Sunday, December 8, 2013

Does "Body Knowledge" Have an Inverse?

I have some questions which may not be fully formed.  If you know of or have read the work of Seymour Papert, I could really use your thoughts here.

First, here is a famous excerpt from Seymour Papert's seminal book Mindstorms.  In the preface Papert introduces the idea of body knowledge in a story about his childhood fascination with a set of gears.  He says:

“Piaget’s work gave me a new framework for looking at the gears of my childhood.  The gear can be used to illustrate many powerful ‘advanced’ mathematical ideas, such as groups or relative motion.  But it does more than this. As well as connecting with the formal knowledge of mathematics, it also connects with the ‘body knowledge,’ the sensormotor schemata of a child. You can be the gear, you can understand how it turns by projecting yourself into its place and turning with it. It is this double relationship—both abstract and sensory—that gives the gear the power to carry powerful mathematics into the mind.”

My question is around this idea of 'body knowledge.'  It seems Papert uses that phrase to mean that body experience in the world can, at a later time, be brought to bear on understanding mathematical ideas.  His Logo geometry (which used a programmable object called a turtle) is said to be something you can “walk” through.  From my perspective, programming a moving object is not actual walking or actual movement; it is, like Papert mentioned in his gears story, a projected walking—projecting body knowledge into the object itself.  

Here's my question:

When thinking about the body's role in math learning, I wonder if Papert ever considered the inverse to such a process, specifically, how a body might participate in actively creating body knowledge of mathematics.
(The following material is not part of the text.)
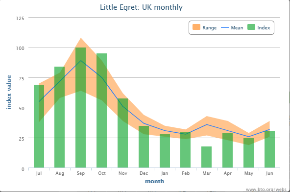 Little Egret is our most common egret in winter, peaking at an estimated 11,000 birds in September with young and continental birds joining the breeding pairs.

The double relationship he mentions ("both abstract and sensory") seems to relate only to the sensory memory, not to the using the senses in the moment.

Any thoughts will be incredibly helpful. If I'm barking up the wrong tree, tell me.  If you want me to clarify anything, let me know.

Thanks in advance. (Edit 12/9/13 -- check out the comments!!)


  1. Hi Malke,

    You write:
    "...that body experience in the world can, at a later time, be brought to bear on UNDERSTANDING mathematical ideas." (I added the emphasis)

    I agree with your questioning of the "inverse" to this. Namely, that bodily experiences fundamentally shape the CREATION of mathematical knowing/knowledge/objects. I know I have mentioned Rafael Nunez's work here before, but I believe much of his work in cognitive science supports this view...that mathematics does not exist a priori, that it is a mind-made creation, and that this creation is largely based on conceptual metaphor drawn from bodily experience.

    In fact, I think the first quote (about understanding) is only one that an observer could make as a sort of post hoc analysis. What it basically says is "I, the observer, have a particular way of knowing and I now see bodily movement as helping an other to think in a way that I recognize as similar to my own." It only makes sense from the perspective of the observer, because the other (mover? learner?) is in a process of CREATION...they "have" no other way of knowing to compare to their"thing" TO understand.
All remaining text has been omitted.